Another hub gene EGFR is widely recognized for its important role in cancer . Specifically, the amplification and mutation of EGFR proteins are shown to be driving events in basal-like breast cancers. EGFR is an epidermal growth factor receptor, a gene that is meant to check and control the growth of skin cells. In addition to being a hub gene, we also find that EGFR is a significantly methylated gene with a positive correlation between methylation and gene expression. If the methylation level for EGFR is low, the gene may be suppressed, which could lead to abnormal growth of skin cells. Conversely, high methylation levels would cause EGFR to be overexpressed and amplified, and as mentioned above, are driving events in cancer.
Additionally, we have identified FN1 as a hub gene. FN1 encodes fibronectin, a glycoprotein involved with migration processes, which includes metastasis . Metastasis occurs often in the late stages of cancer and is where secondary tumors develop at a different location than the primary tumor. Thus, variations in the gene expression levels of FN1 due to methylation can strongly impact the spread of cancerous tumors.
FOXA1 is a transcription factor that is associated with ER+ breast cancer and luminal breast carcinoma . It is involved with apoptosis and cell cycle regulation, among other functions. We find that FOXA1 has a significant negative correlation between methylation and gene expression. High methylation levels of this gene may cause low expression levels, which in combination with FOXA1’s functions of regulating the cell cycle and apoptosis, can lead to cancer.
Another hub gene is COL18A1. It encodes the alpha chain of type XVIII collagen, which is ultimately linked to the production of endostatin, a protein that is able to inhibit tumor growth . Thus, COL18A1, when normally expressed, may aid in the prevention of cancer. However, we identify it as a gene with negative correlation between methylation and gene expression, so high methylation levels may suppress the expression of COL18A1, making our bodies more prone to the formation of cancerous tumors. The other three identified hub genes and their respective functions are summarized in Table 5.
Further analysis of hub genes
We further study the characteristics of important hub genes using their gene expression and methylation levels. Upon finding results, we plot gene expression levels to help visualize and interpret our results. As shown in Fig. 4, we find that the identified hub genes tend to have relatively low gene expression levels, which are almost completely below 8 (indicated by the red line). As reference, housekeeping genes have gene expression levels at or above 8. Note, housekeeping genes carry out basic cellular functions and are well recognized for having steady gene expression levels. As mentioned above, we additionally study the methylation levels of these important hub genes. Plotting the methylation levels of hub genes by probe, we notice that these genes are in general hypermethylated. Figure 5 shows the methylation levels of one of the hub genes, FOXA1, and it demonstrates hypermethylation since the median methylation level of most probes is above zero.
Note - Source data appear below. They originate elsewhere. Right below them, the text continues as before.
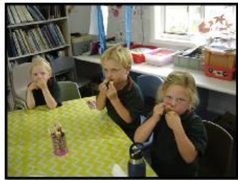
Tricking our senses with the vanilla and apple
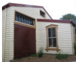
Portland Drill Hall
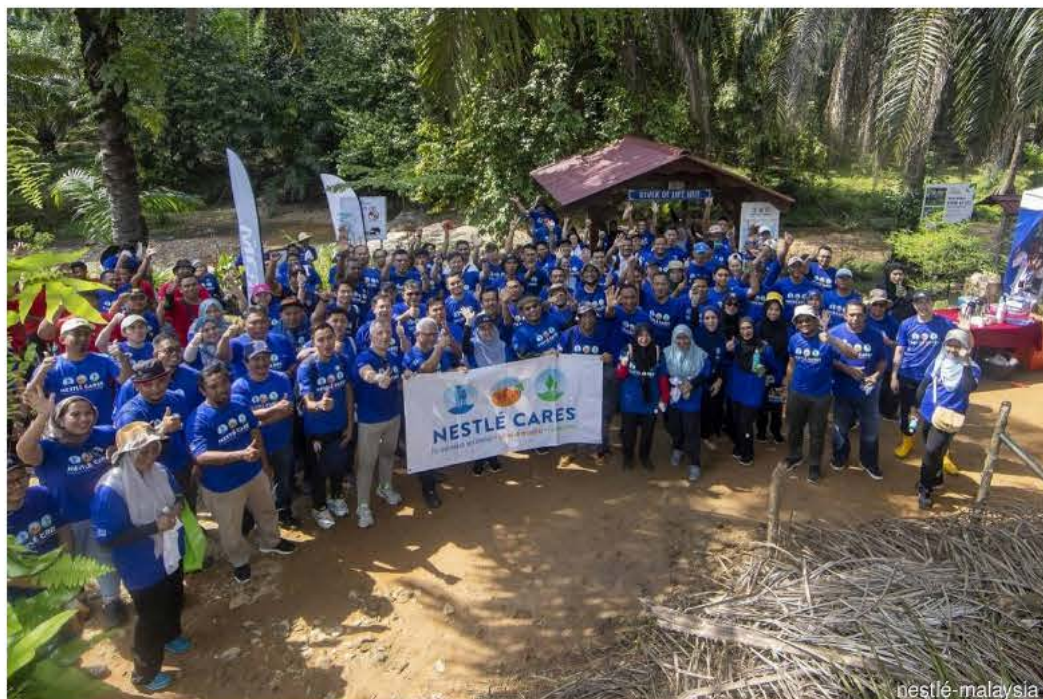
Nestlé Cares volunteers demonstrating their green thumbs at the tree planting event at TDMP's Jernih Estate.

Publish date: Thu, 22 Jun 2023, 08:47 AM
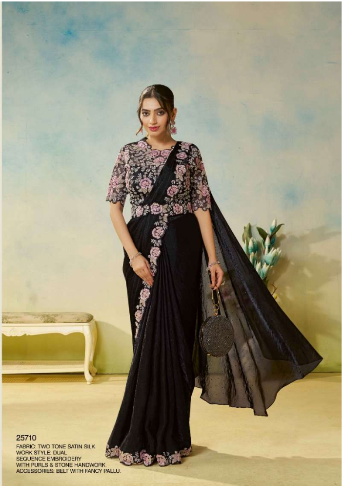
25710 FABRIC: TWO TONE SATIN SILK WORK STYLE: DUAL SEQUENCE EMBROIDERY WITH PURLS & STONE HANDWORK. ACCESSORIES: BELT WITH FANCY PALLU.
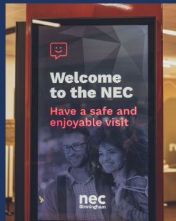
Digital screens around the NEC
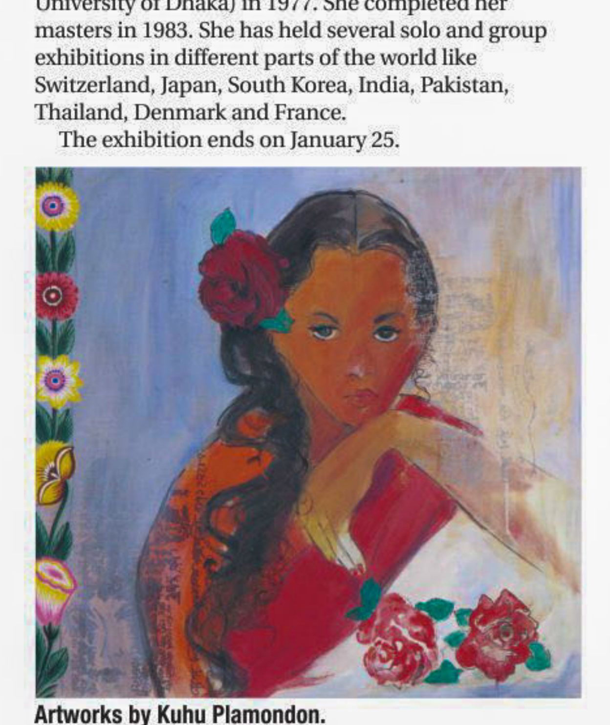
Artworks by Kuhu Plamondon.
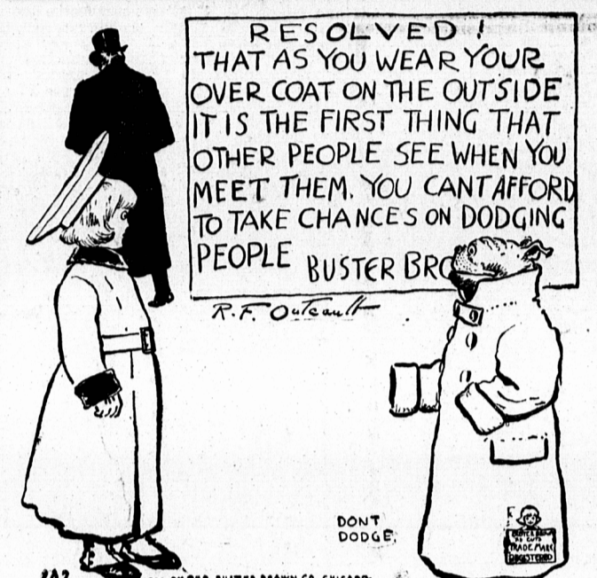
LOOK AT YOUR WINTER'S OVERCOAT AND SEE IF THE CLOTH ABOUT THE SEAMS IN THE BACK AND AROUND THE CUFFS IS NOT BADLY WORN.

Chase & Sanborn's delicious Coffee is always the same and always the best. If you are a coffee lover, Chase & Sanborn's will win your heart.
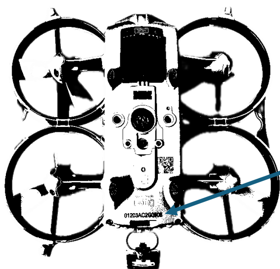
Photo: Loki MkII serial number
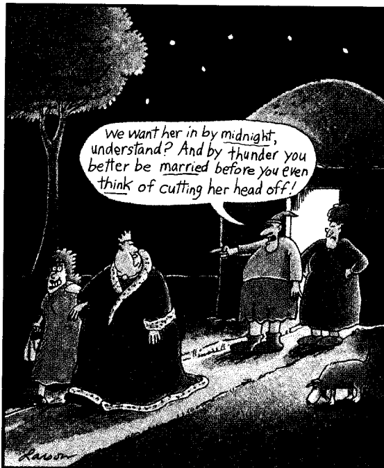
Henry VIII on the dating scene

We also run the t-test to determine whether each probe of a hub gene is hypermethylated or hypomethylated. To do so, we take the estimated mean methylation value and the p-value (or p). The estimated methylation level is the average methylation levels of all cell lines at each probe. We define a probe to be hypermethylated if the mean methylation > 0 and p < 0.05, conversely, we define a probe to be hypomethylated if the mean methylation < 0 and p < 0.05. If it fits into neither group, it is labeled as N/A. Table 6 shows that with the exception of ELAVL1, all the genes have more hypermethylated probes than hypomethylated and N/A probes combined. Additionally, if we only compare hypermethylated and hypomethylated probes, the gaps between the two are significantly more drastic.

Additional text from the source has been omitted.